SweetSense monitors the power consumed by water pumps to manage water flow, and it can thus provide variable-use systems by which the flow can be shut down during peak-use and high-cost times, then resume operation during lower-cost times, such as evenings. The firm has built Swarm’s satellite technology into its own sensor devices, which transmit data to Swarm Tile modems. The modems, in turn, forward the data via eight-inch antennas to the Low Earth Orbit (LEO) satellites, using Swarm’s proprietary protocol and cloud-based software, according to Sara Spangelo, Swarm’s cofounder and CEO. The SweetSense software can provide analytics regarding the sensor readings and link that information with other data, such as weather.

“Farmers are some of the most entrepreneurial people you’ll meet,” Tolbirt says. “They try to be stewards of the land. We’ve run into a gamut of farmers, but the most successful are the ones ahead of the curve—they see what’s coming.” He expains that farmers simply lacked access to this data before and are thus curious to learn such details. Researchers at UC Boulder can leverage the data for mapping out climate-related issues in the Western United States, as well as in developing countries, with a focus on Africa.

For SweetSense, Tolbirt reports, the goal is much larger than new technology. “We’re not designed just to sell another widget—we care about the science,” he states. “We’re looking at the whole picture, the whole water system and environment, to help farmers be more resilient.” Many farmers have already changed some of their watering practices to reduce consumption, such as by deploying drip irrigation. SweetSense’s variable-power solution could enable them to better ensure the 200-horsepower electric pumps that operate these systems run at optimal times.

For that purpose, SweetSense provides a CT clamp in its seventh-generation sensor device, which can be fitted around the power lines that feed the pumps and then be remotely activated by SweetSense, based on energy demand and cost peaks. “We’re providing the ability to save money,” Tolbirt explains, “by turning pumps on and off when energy is in high demand,” and thus more expensive.

Matthew Tolbirt

In Africa, Tolbirt reports, the technology is being used to understand infrastructure health, whereas the California system is about managing consumption. “California is a conservation story,” he notes, “of ‘How can we conserve water, conserve energy and change consumption patterns to benefit farmers businesses?'” The system can operate with a variety of sensors that track such conditions as soil moisture, precipitation and temperature. A solar panel powers the sensors, while the CT clamp is powered by the water pump.

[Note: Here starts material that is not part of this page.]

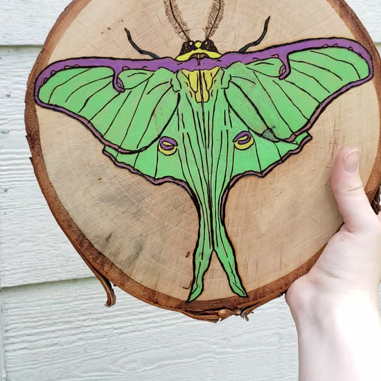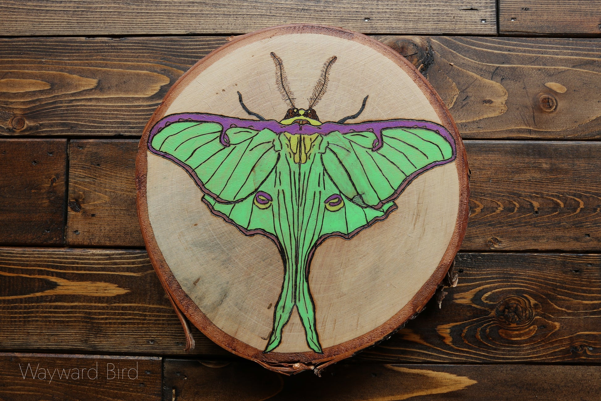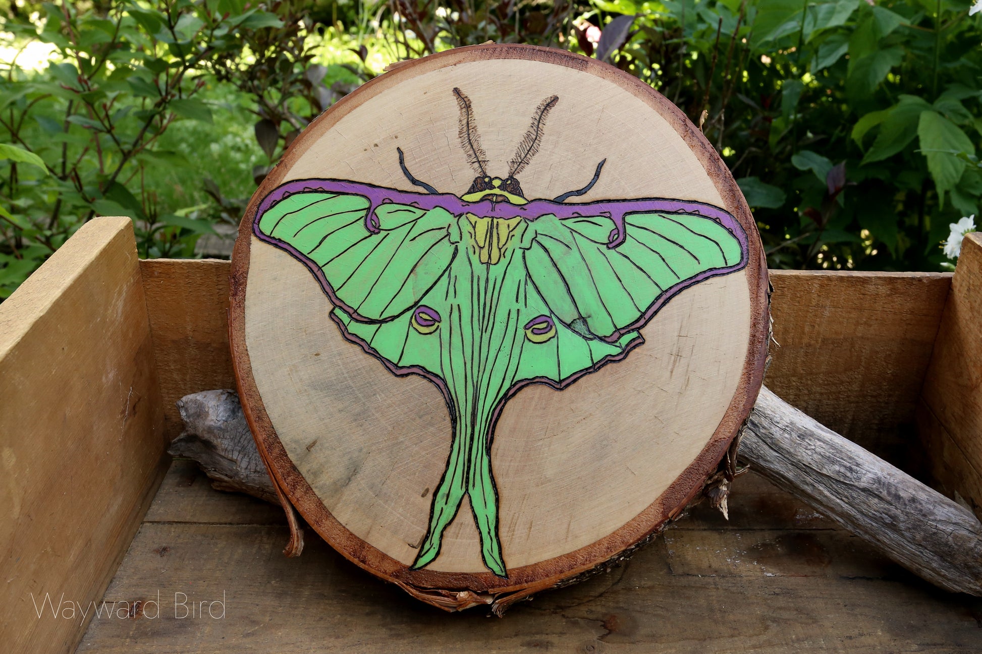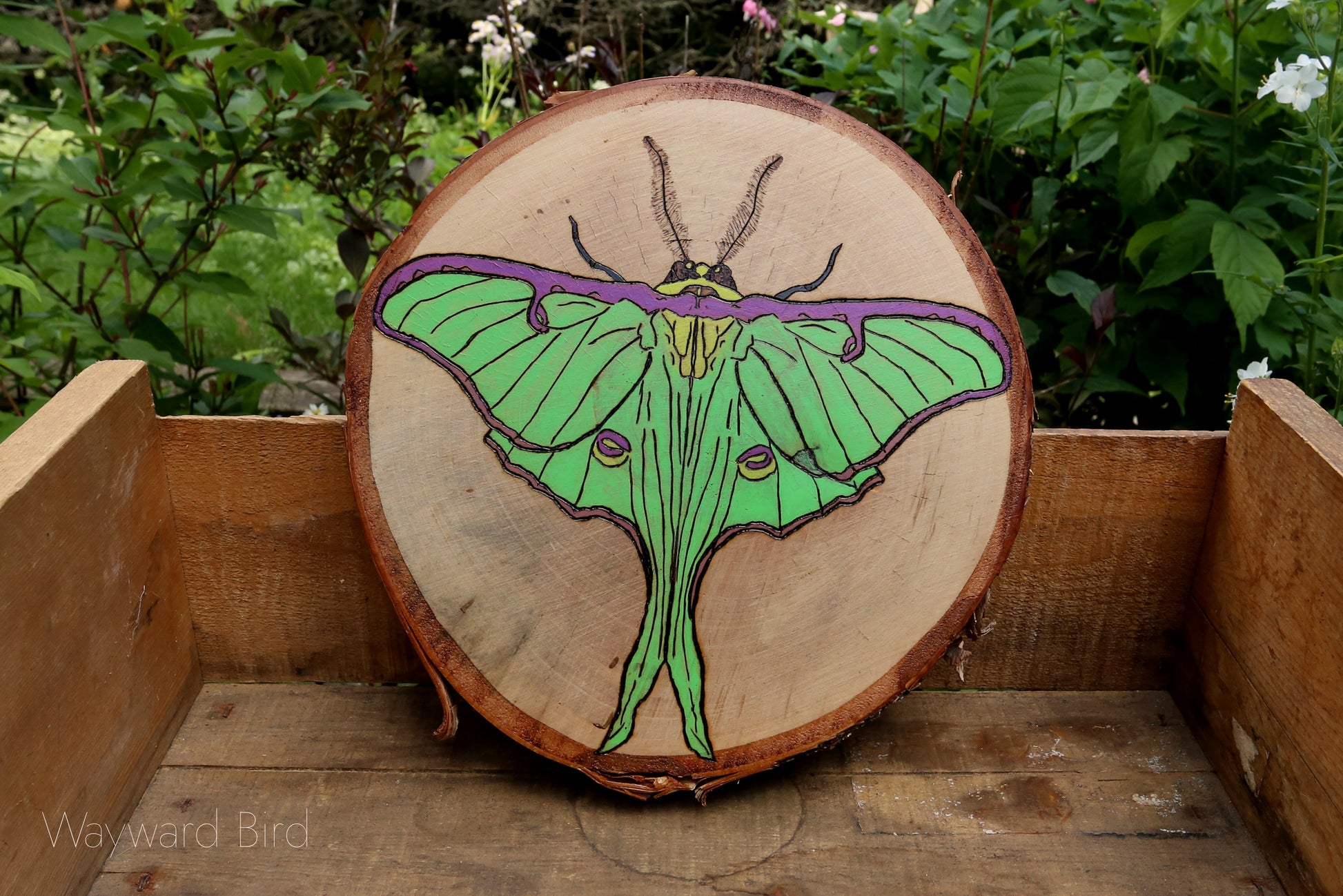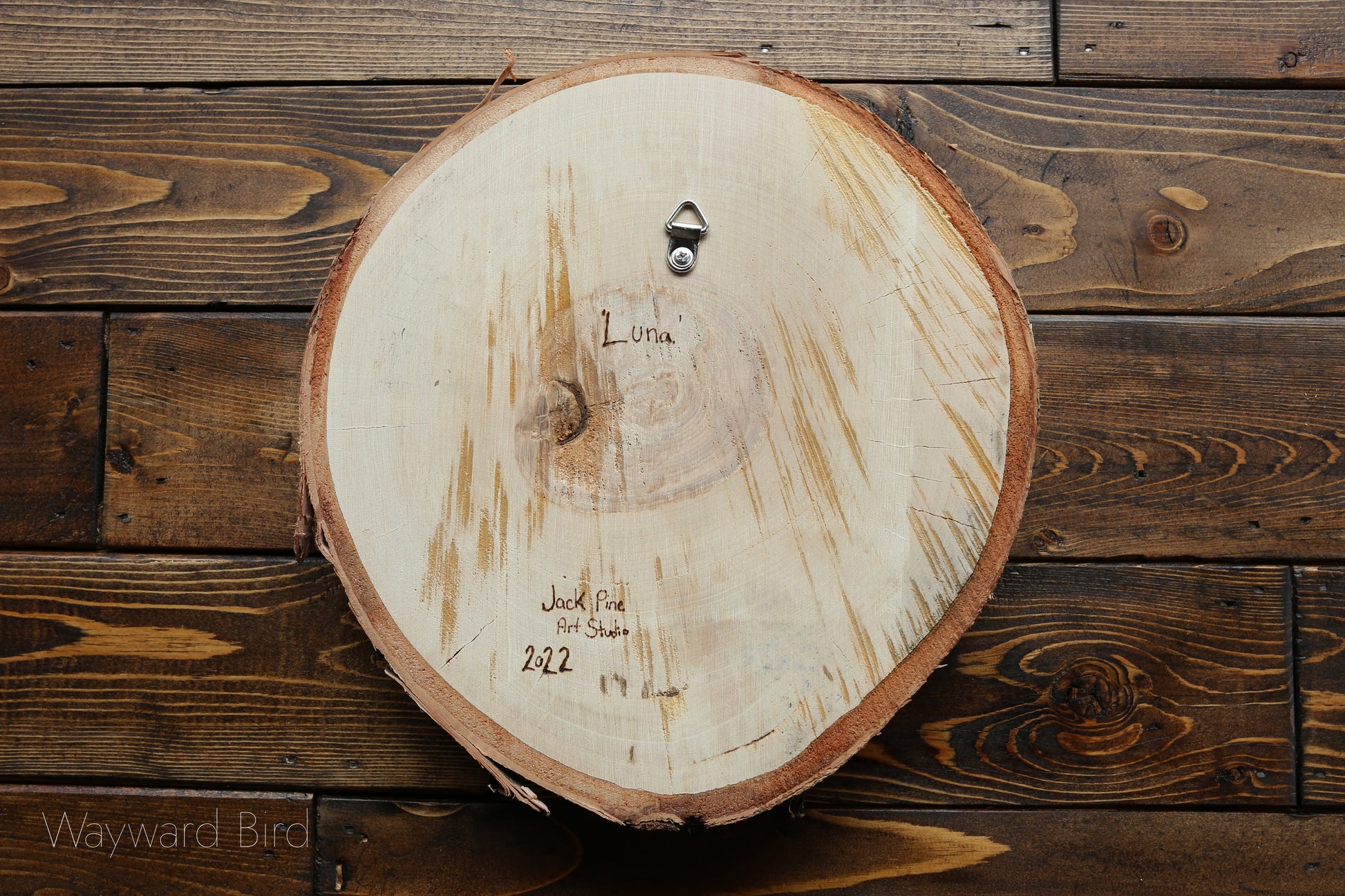 Luna is an original artwork hand-burned and painted on Birch by pyrography artist, Natasha Allen.

The Swarm-based SweetSense technology has been in use at six pumps in Solano County to date, Tolbirt says, and the system is working well and yielding reliable data. The farms being covered include fields of tomatoes and almonds. These farmers were made aware of SweetSense’s work through a partnership with The Freshwater Trust, a non-profit that protects and restores freshwater ecosystems The trust also works collaboratively with agriculture to balance the needs of a productive farm and the shared water resources. Initially, SweetSense is providing farmers with a Microsoft Excel spreadsheet listing the energy and pump data, and the rest of the information is delivered to researchers CU Boulder for use in drought forecasting and management.

Sara Spangelo

U.S. farmers will use the system for at least two years, Tolbirt says. Ultimately, by employing Swarm’s LoRa technology, SweetSense has been able to bring down the cost of wireless data transmission, he reports, since Iridium’s satellite use tends to be five or six times more expensive than Swarm, the company estimates. Currently, Swarm has 120 satellites orbiting Earth, with an additional 30 expected to be in space by early next year.

“We’re really excited about SweetSense,” Spangelo says. “This is why we started Swarm, to support programs like this.” The Swarm-enabled sensors and gateways are slated to be shipped to Somalia, Nigeria and Mozambique in August, pending regulatory approvals. Those funding the efforts include  Catholic Relief Services, Save the Children and the  Green Climate Fund.